# If I Had aHammer



## RJSakowski (Oct 29, 2021)

Yesterday, the wife asked me "did we have a toffee hammer?"  "What's a toffee hammer", I asked.  "To break up toffee." she said and proceeded to Google it to show me what they looked like.  They are diminutive hammers that are often packaged with British toffee and used to break the large sheets into bit sized pieces. "No, we don't, I replied" although I do have some smaller hammers that I'm sure would do the job.

The wife then proceeded to order one.  The first choice was $32 plus S&H.  "Ridiculous!" I said.  She then selected one for $18 plus S&H and placed an order.  Subsequently, she realized that it was coming from the UK and wouldn't arrive in time for Bonfire Night on Nov. 5th and cancelled.

"I can make a toffee hammer.", told her and went down into the shop to look for some material.  After scrounging around for some stainless, I settled for some 1" o.d. 300 series for the head and some 1/2" o.d. 300 series for the handle.  The design that I had in mind was a scaled down version of a rounding hammer used by blacksmiths and farriers  It is a double ended hammer with a flat face on one end and a domed face on the other end.

Normally, I will make a SolidWorks model for  any machining project  but for this one, I decided to wing it.  My target for the head was 3/4" diameter by about 1.5" long.    The handle would be made from 1/2" stock, necked down to 1/4" to fit the head.  I turned the head stock down to .8" in diameter and necked down the central portion to ....what looked right.  The length was not critical and I left it at 1.7".  I cut a slight dome on one face by eye.  The head was sanded with  400 wet or dry for a satin finish

The next step was to bore the hole for the handle.  I mounted the head in my machine vise and used my edge finder to find the center of the head.  Then I used a 1/4" carbide end mill to spot face the cylindrical surface and drilled a #33 pilot hole .6" deep.  This was followed by a #19 drill.  Nothing special about the drill sizes; I just grabbed what was handy.  I finished the hole with a 1/4" carbide router bit as my last carbide end mill was getting dull and the stainless was showing signs of work hardening.  Checking with pin gages, the hole measured out at .4982"  with a no go for the .4992" pin.

Next, it was back to the lathe to make the handle.  I turned about  .7" if the end of the 1/2" stock down to .4995" and then proceeded to reduce the diameter with the 400 grit paper, checking the fit with the socket in the head.  I ended up with the shaft diameter at .4992.  Then I extended the 1/4" section to about 2", ending in a fillet to the 1/2" diameter.  The 1/2" diameter was turned to .475" to clean up the surface and the handle was parted off for a total length of 4.2".  The end was domed slightly and the handle was then treated with the 400 grit paper for the satin finish, being careful not to touch the precision fit at the end.  Final assembly was accomplished with a small Nylon faced hammer.  Aside from the interference fit, there were no critical dimensions.  It was more about what was aesthetically pleasing.  The finished hammer weighs in at 150g.


----------



## silence dogood (Oct 29, 2021)

The successful honeydo projects that work out are the best.  The last one was when I gave up my 1/2 ton arbor press  and modified it so wife could add snaps to her sewing.  It worked far better than the hammer and anvil that the manufactures supply.  Unfortunately, HF was not selling any more 1/2  ton presses.  So I had to break down and buy their 1 ton arbor press to replace my old one.

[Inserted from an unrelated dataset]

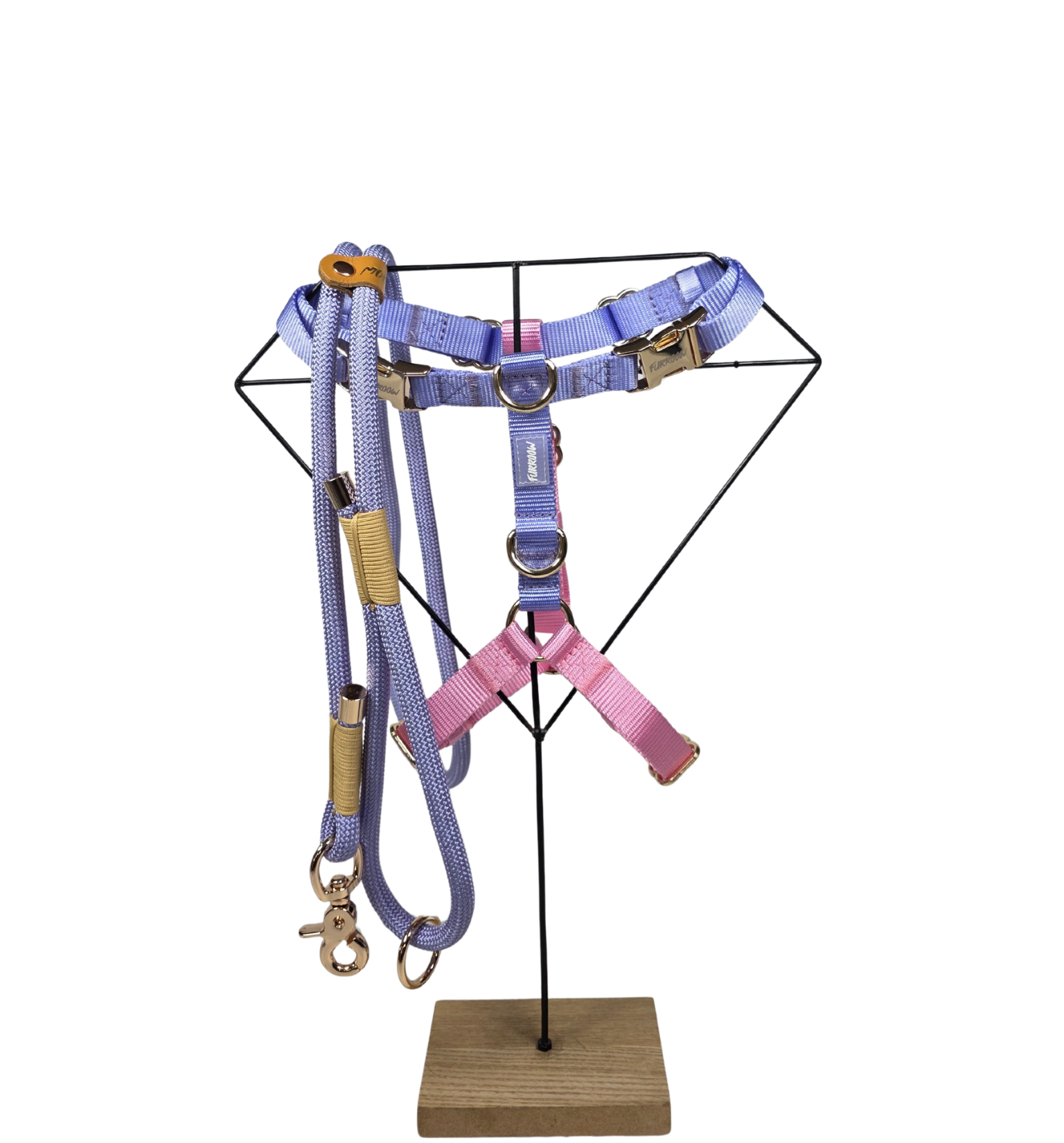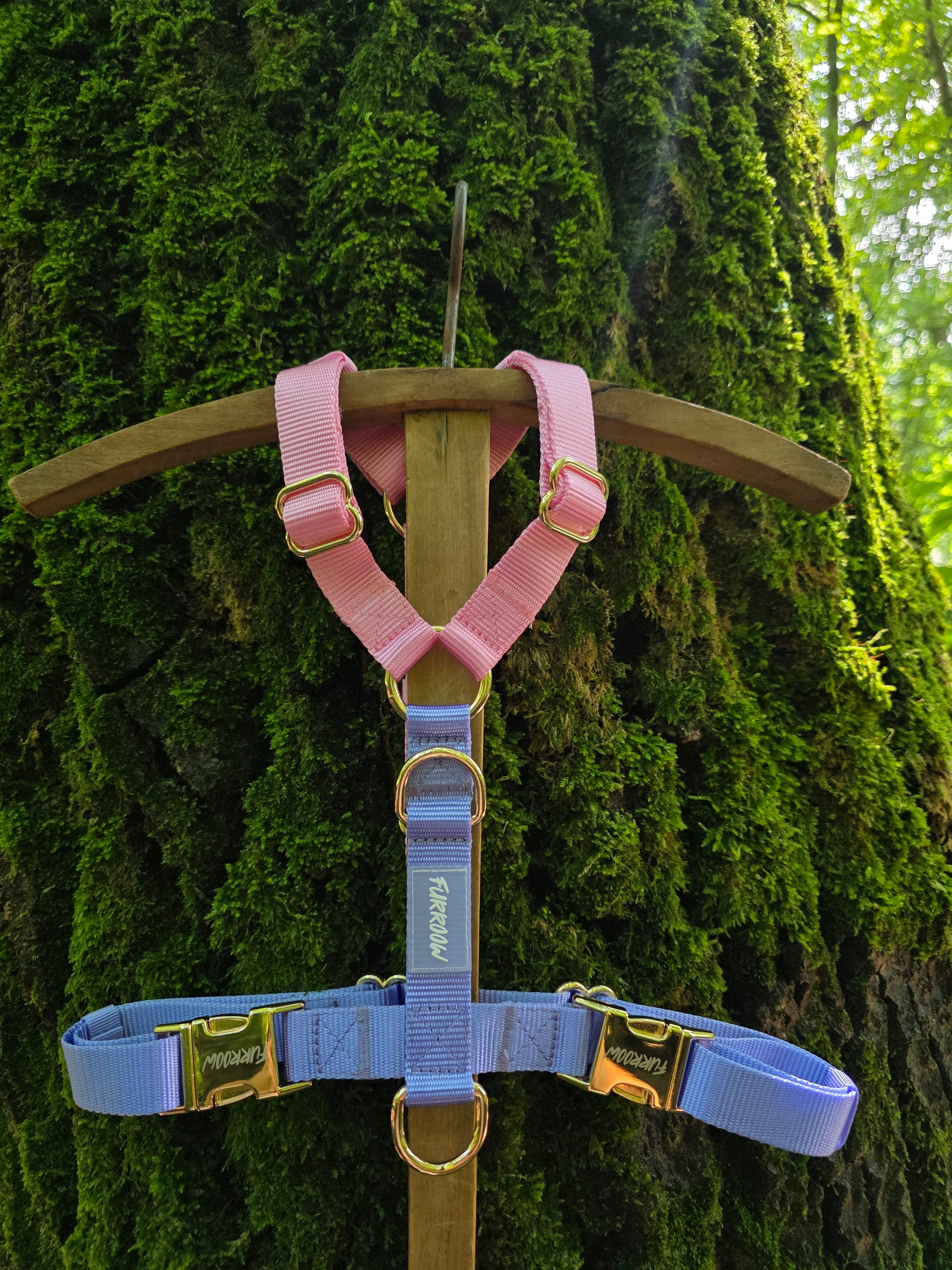 Geef jouw hond het comfort én de stijl die hij verdient. Dit verstelbare hondentuigje met bijpassende riem combineert zachte pastelkleuren met stevige, duurzame materialen.

Forced to come up with a series of clean words.


----------



## mmcmdl (Oct 29, 2021)

If I had 200 hammers , I would have 1 less than I thought I had . Nice job on yours .


----------



## Bi11Hudson (Oct 29, 2021)

mmcmdl said:


> If I had 200 hammers , I would have 1 less than I thought I had . Nice job on yours .


Or needed. . .


----------



## rwm (Oct 29, 2021)

That is beautiful. I love the radius transitions. How did you do those? Form tool?
On a more serious note, I hope you checked the hardness of the toffee before selecting materials. Is toffee measured on the Rockwell scale?
Robert


----------



## RJSakowski (Oct 29, 2021)

rwm said:


> That is beautiful. I love the radius transitions. How did you do those? Form tool?
> On a more serious note, I hope you checked the hardness of the toffee before selecting materials. Is toffee measured on the Rockwell scale?
> Robert


 Thanks.  I have a round carbide insert tool the essentially is a form tool.  The outside curves were just done by eye.

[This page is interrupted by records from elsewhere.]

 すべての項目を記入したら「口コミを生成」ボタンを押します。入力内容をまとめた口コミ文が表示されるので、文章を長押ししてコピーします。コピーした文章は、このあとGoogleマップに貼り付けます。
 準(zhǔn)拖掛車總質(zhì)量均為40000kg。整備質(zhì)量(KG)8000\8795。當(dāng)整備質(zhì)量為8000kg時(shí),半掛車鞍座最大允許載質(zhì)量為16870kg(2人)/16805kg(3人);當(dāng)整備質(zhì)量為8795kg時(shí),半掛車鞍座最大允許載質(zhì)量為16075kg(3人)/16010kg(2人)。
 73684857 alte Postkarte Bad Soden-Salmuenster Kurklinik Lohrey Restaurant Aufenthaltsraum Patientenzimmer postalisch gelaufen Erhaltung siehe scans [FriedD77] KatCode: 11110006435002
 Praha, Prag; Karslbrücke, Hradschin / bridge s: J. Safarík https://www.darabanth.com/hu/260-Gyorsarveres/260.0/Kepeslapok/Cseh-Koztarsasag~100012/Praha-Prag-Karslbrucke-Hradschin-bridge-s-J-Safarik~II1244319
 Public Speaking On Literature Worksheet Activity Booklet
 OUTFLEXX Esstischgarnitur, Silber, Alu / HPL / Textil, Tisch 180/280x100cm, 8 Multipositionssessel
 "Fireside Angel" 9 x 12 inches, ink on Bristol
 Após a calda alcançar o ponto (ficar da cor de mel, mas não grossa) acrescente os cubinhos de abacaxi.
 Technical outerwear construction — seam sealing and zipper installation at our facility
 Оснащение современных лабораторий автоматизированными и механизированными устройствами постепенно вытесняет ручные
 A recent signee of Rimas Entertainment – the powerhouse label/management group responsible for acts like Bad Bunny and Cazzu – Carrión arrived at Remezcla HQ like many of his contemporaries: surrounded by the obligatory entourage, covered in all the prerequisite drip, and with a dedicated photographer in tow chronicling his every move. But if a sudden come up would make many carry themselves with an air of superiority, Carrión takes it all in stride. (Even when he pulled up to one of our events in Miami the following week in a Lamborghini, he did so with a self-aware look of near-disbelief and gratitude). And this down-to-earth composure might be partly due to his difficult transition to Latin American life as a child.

I actually had some 400 series stainless that I could have used but elected to use the 300 series. I was more concerned with food grade than hardness.  I suspect that toffe hardness is measured on the Rockwell C(andy) scale.  I haven't any toffee samples to test as yet.  From what I was able to gather, at least some of the toffee hammers were made from pewter and I'm sure the stainless is harder than that.


----------



## rwm (Oct 29, 2021)

RJSakowski said:


> Rockwell C(andy) scale.


That's frigging funny. Send me some toffee samples and I can test them for you...
R


----------



## talvare (Oct 30, 2021)

I love it. Another one of us that adheres to the mantra that " for a little more money and a lot more time, I can just make it myself"

Ted


----------



## Lo-Fi (Oct 30, 2021)

In engineering circles over here, "toffee hammer" is used to describe any hammer that deemed too small. Often anything smaller than ab 8lb sledge....

Lovely work!


----------



## Dabbler (Oct 30, 2021)

@RJSakowski Very nice work -and only a complete metal shop to do it in 

It's always nice when you can make something for that  special someone!


----------



## Janderso (Oct 30, 2021)

Oh she has to be happy with that!
Beautiful job sir!
I have a couple of those round carbide tools. You inspired me to use it on the Buick carriage pivot pins.


----------